** Supplied data follows **

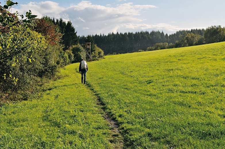 Der Saar-Hunsrück-Steig setzt sich halbrechts auf einem längeren Steg fort. Danach steigt er leicht an und endet bei einem Fahrweg. Nun wandern wir für einige Zeit im Wesentlichen geradeaus, bis die Markierung beim blauen Kilometer-Täfelchen »44« nach links auf einen schmalen Pfad weist. Dieser führt zu einem weiteren Fahrweg, auf dem wir, uns erneut links haltend, bald den Waldrand bei Britten erreichen. 1.30 Std. ab Rastplatz im Saarhölzbachtal. Wer nach Britten möchte, geht hier nach rechts und erreicht gleich einen offiziellen Abholpunkt und wenig später das Dorf selbst.
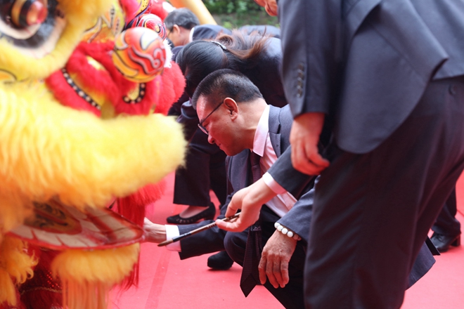 吉時12:08,鼓聲喧天,禮炮齊鳴,瑞獅歡騰。青秀區工商聯機關黨委書記、工商聯常務副主席、統戰部副部長楊伊莉與云之龍黨總支部書記王鐿霖為“中共云之龍咨詢集團有限公司總支部委員會”揭牌。同時,原致公黨中央副主席、廣西政協副主席、致公黨廣西區委主委黃格勝與梁榮森董事長在集團正門揭牌。
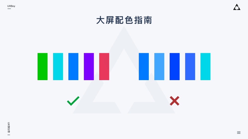 大屏的分辨率、比例、使用環(huán)境、投射方式等均會對設計造成影響。理想情況下,我們應該在設計開始前,就能打開大屏系統(tǒng)做一些簡單測試。我們可以從網(wǎng)上收集不同設計師不同風格的大屏設計作品,然后投上去查看實際效果。因為大多數(shù)時候大屏都會存在色彩偏差,這時通過測試我們就能發(fā)現(xiàn)漸變色、鄰近色等不同類型的色彩搭配是否可以在目標大屏上良好呈現(xiàn),如果不可以,那我們設計進行時就不要使用顯示效果不佳的色彩搭配。另一方面,樣圖溝通環(huán)節(jié)及時測試也很重要。

** End of Supplied data **

→ The task
Extract the full listing exactly, with the pictures left out.

→ Solved problem
 Der Saar-Hunsrück-Steig setzt sich halbrechts auf einem längeren Steg fort. Danach steigt er leicht an und endet bei einem Fahrweg. Nun wandern wir für einige Zeit im Wesentlichen geradeaus, bis die Markierung beim blauen Kilometer-Täfelchen »44« nach links auf einen schmalen Pfad weist. Dieser führt zu einem weiteren Fahrweg, auf dem wir, uns erneut links haltend, bald den Waldrand bei Britten erreichen. 1.30 Std. ab Rastplatz im Saarhölzbachtal. Wer nach Britten möchte, geht hier nach rechts und erreicht gleich einen offiziellen Abholpunkt und wenig später das Dorf selbst.
 吉時12:08,鼓聲喧天,禮炮齊鳴,瑞獅歡騰。青秀區工商聯機關黨委書記、工商聯常務副主席、統戰部副部長楊伊莉與云之龍黨總支部書記王鐿霖為“中共云之龍咨詢集團有限公司總支部委員會”揭牌。同時,原致公黨中央副主席、廣西政協副主席、致公黨廣西區委主委黃格勝與梁榮森董事長在集團正門揭牌。
 大屏的分辨率、比例、使用環(huán)境、投射方式等均會對設計造成影響。理想情況下,我們應該在設計開始前,就能打開大屏系統(tǒng)做一些簡單測試。我們可以從網(wǎng)上收集不同設計師不同風格的大屏設計作品,然后投上去查看實際效果。因為大多數(shù)時候大屏都會存在色彩偏差,這時通過測試我們就能發(fā)現(xiàn)漸變色、鄰近色等不同類型的色彩搭配是否可以在目標大屏上良好呈現(xiàn),如果不可以,那我們設計進行時就不要使用顯示效果不佳的色彩搭配。另一方面,樣圖溝通環(huán)節(jié)及時測試也很重要。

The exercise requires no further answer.